*Your assignment:* Exact reproduction required: the lines below from the line with "接着,他又提到:Switch" to the line with "4)屋顶特质:作为建筑中部的", both ends included, and no others.

*Records for this exercise:*
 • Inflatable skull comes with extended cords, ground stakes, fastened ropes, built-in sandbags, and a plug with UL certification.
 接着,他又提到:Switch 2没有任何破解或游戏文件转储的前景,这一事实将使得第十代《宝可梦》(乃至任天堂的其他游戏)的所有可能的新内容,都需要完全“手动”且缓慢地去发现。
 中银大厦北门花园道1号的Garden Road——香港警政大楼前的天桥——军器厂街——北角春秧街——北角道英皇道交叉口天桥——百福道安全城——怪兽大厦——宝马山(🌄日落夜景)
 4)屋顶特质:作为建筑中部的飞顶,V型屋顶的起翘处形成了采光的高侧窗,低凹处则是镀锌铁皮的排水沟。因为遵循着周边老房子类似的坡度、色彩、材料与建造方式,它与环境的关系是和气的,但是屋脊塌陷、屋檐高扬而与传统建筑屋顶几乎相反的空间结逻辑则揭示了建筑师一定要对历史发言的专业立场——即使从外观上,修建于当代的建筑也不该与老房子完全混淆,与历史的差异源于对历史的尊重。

...

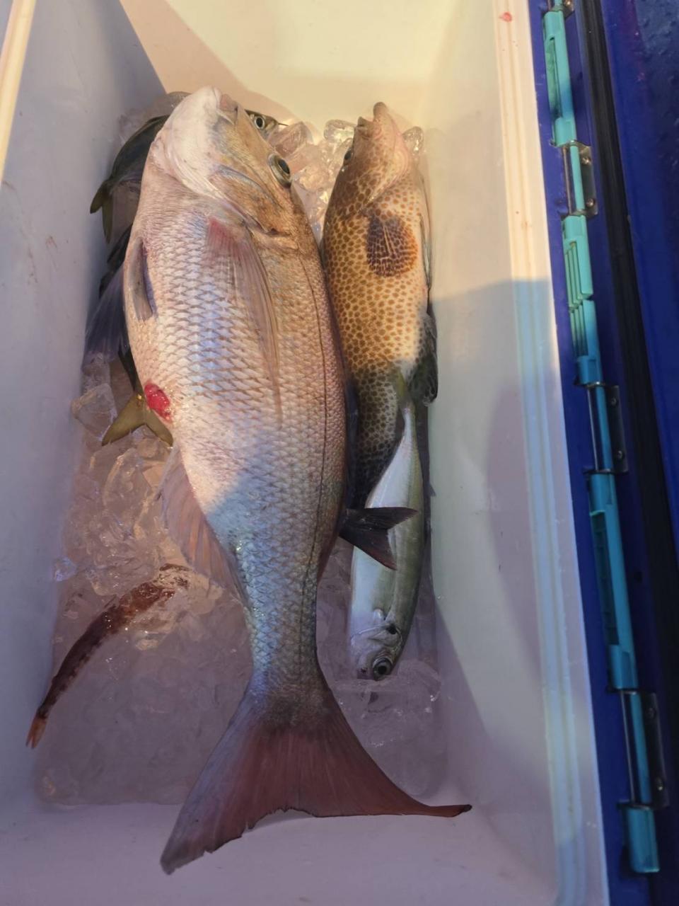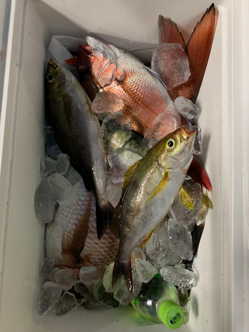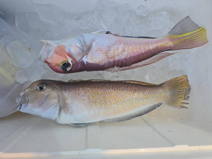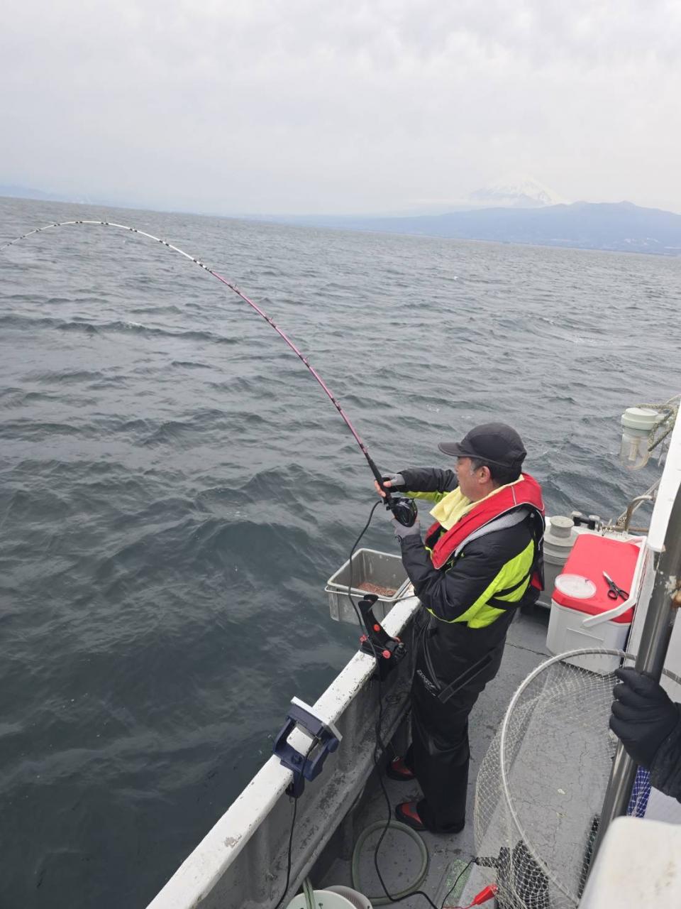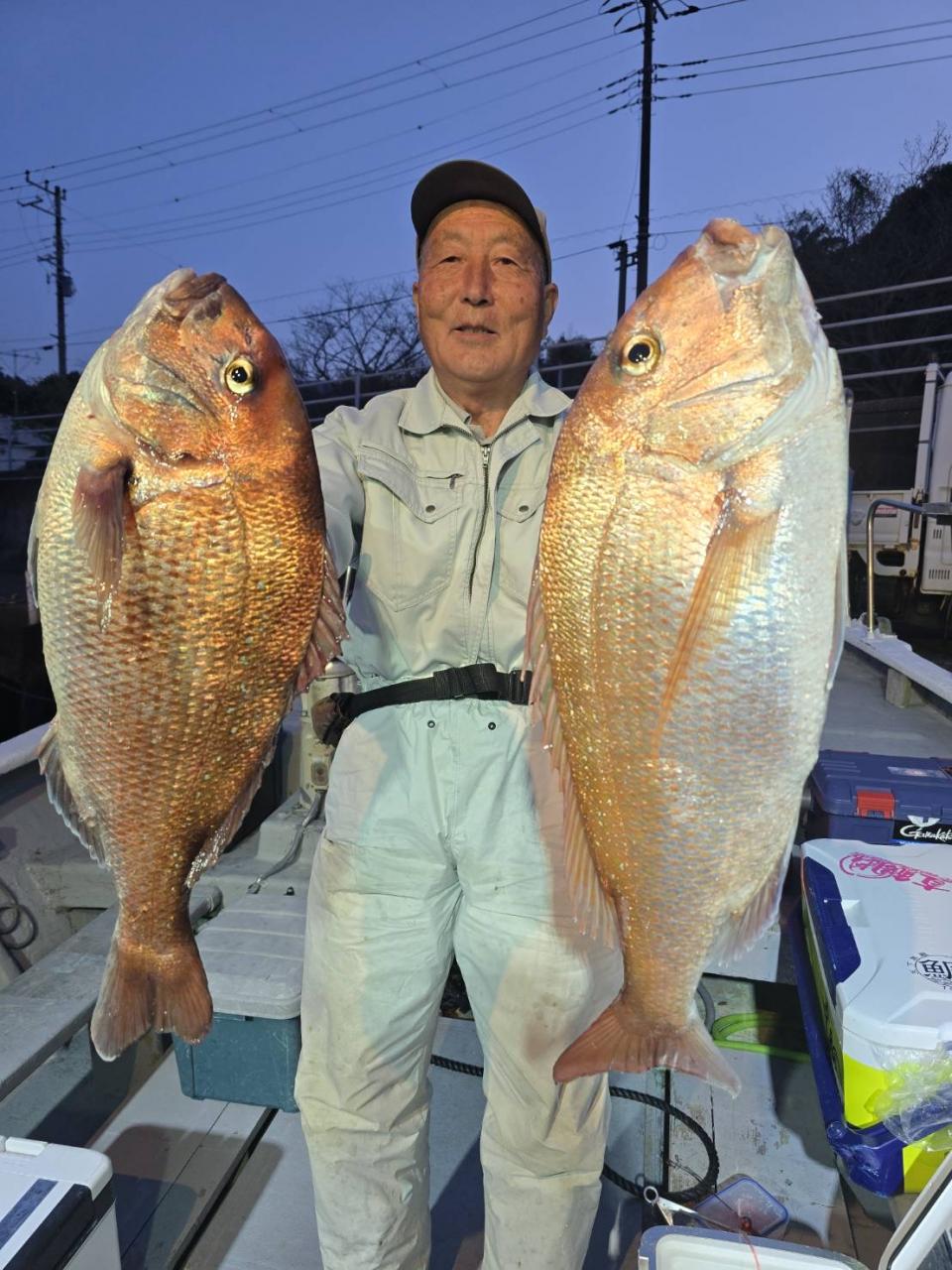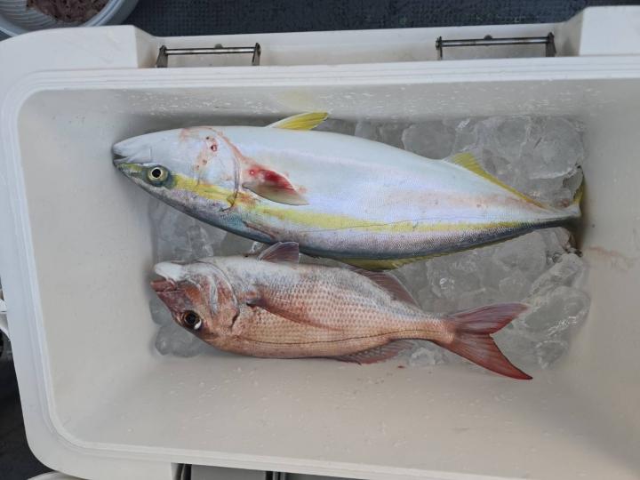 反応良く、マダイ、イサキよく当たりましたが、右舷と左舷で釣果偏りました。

*Solution to this problem:*
 接着,他又提到:Switch 2没有任何破解或游戏文件转储的前景,这一事实将使得第十代《宝可梦》(乃至任天堂的其他游戏)的所有可能的新内容,都需要完全“手动”且缓慢地去发现。
 中银大厦北门花园道1号的Garden Road——香港警政大楼前的天桥——军器厂街——北角春秧街——北角道英皇道交叉口天桥——百福道安全城——怪兽大厦——宝马山(🌄日落夜景)
 4)屋顶特质:作为建筑中部的飞顶,V型屋顶的起翘处形成了采光的高侧窗,低凹处则是镀锌铁皮的排水沟。因为遵循着周边老房子类似的坡度、色彩、材料与建造方式,它与环境的关系是和气的,但是屋脊塌陷、屋檐高扬而与传统建筑屋顶几乎相反的空间结逻辑则揭示了建筑师一定要对历史发言的专业立场——即使从外观上,修建于当代的建筑也不该与老房子完全混淆,与历史的差异源于对历史的尊重。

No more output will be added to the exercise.